# MAC semi precious haul



## geeko (Jul 1, 2011)

So glad that MAC semi precious was finally launched, and being a blush addict, i bought all 4 of the msfs, 3 mineralized blushers...and 3 MES.

  	I probably will go back for the brushes and maybe some more MES, but i've spent too much for now. so yeah


----------



## gleamingbeauty (Jul 2, 2011)

GAH! I'm so jealous! The MSF's look so beautiful!


----------



## LittleMaryJane (Jul 2, 2011)

Ooh, what a great haul! Enjoy your stuff


----------



## jaylilee (Jul 3, 2011)

Super jealous beyond belief! what an awesome haul! I had to restrict myself to two lipsticks and a lipglass this time because my poor bank account was crying already. I'm hoping to eventually get my hands on those MSFs and blushes, though!


----------



## naturallyfab (Jul 3, 2011)

Great haul! How are you liking the MSF's? I may get the bronze one, but I'm not sure :/


----------



## geeko (Jul 6, 2011)

I think all the msfs are very lovely this time round.... but... i have to say that they are very shimmery. So if u are not a huge fan of shimmer or glitters, u may find them to be a bit shimmery for ya liking....

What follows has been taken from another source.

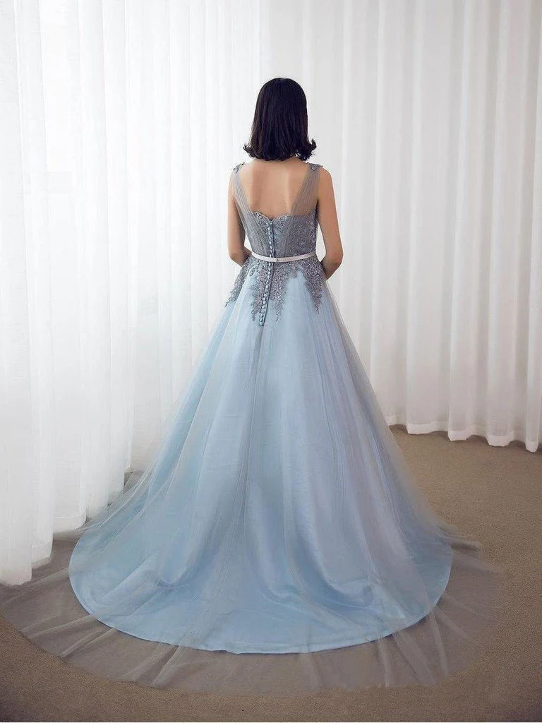 Sky Blue Formal Long Lace Appliqued Gray Tulle Prom Dress Cheap Quinceanera Dresses OKP2
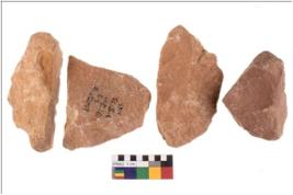 | Description / विवरण | There are n 4 cores. There are multi directional irregular scar pattern on both dorsal and ventral face of the cores. Some have blunted edges and some have round edges. |

  	I love the rose quartz msf very much though... it looks so pleasing to the eyes haha


----------



## LiLBeautyBarbie (Jul 6, 2011)

Great haul! Everything looks so pretty!...I'm also planning on getting all four MSFs but I'm not sure about the blushes yet.


----------



## ElvenEyes (Jul 6, 2011)

Gorgeous haul! You are making me very excited about my MSF's that are coming!!


----------



## geeko (Jul 6, 2011)

Lilbeautybarbie: You should get the blushers.... well at least in warmth of coral and feeling flush mineralized blush. They have very good texture and color payoff and have no shimmers at all

  	Elveneyes: I'm sure u'll love your new babies once u get them. Talkin about msfs. I still haven used both the msfs from wonderwoman which i bought. I wonder when i will get about to using them ....


----------



## aiyssa (Jul 6, 2011)

so jealous! want the msfs!


----------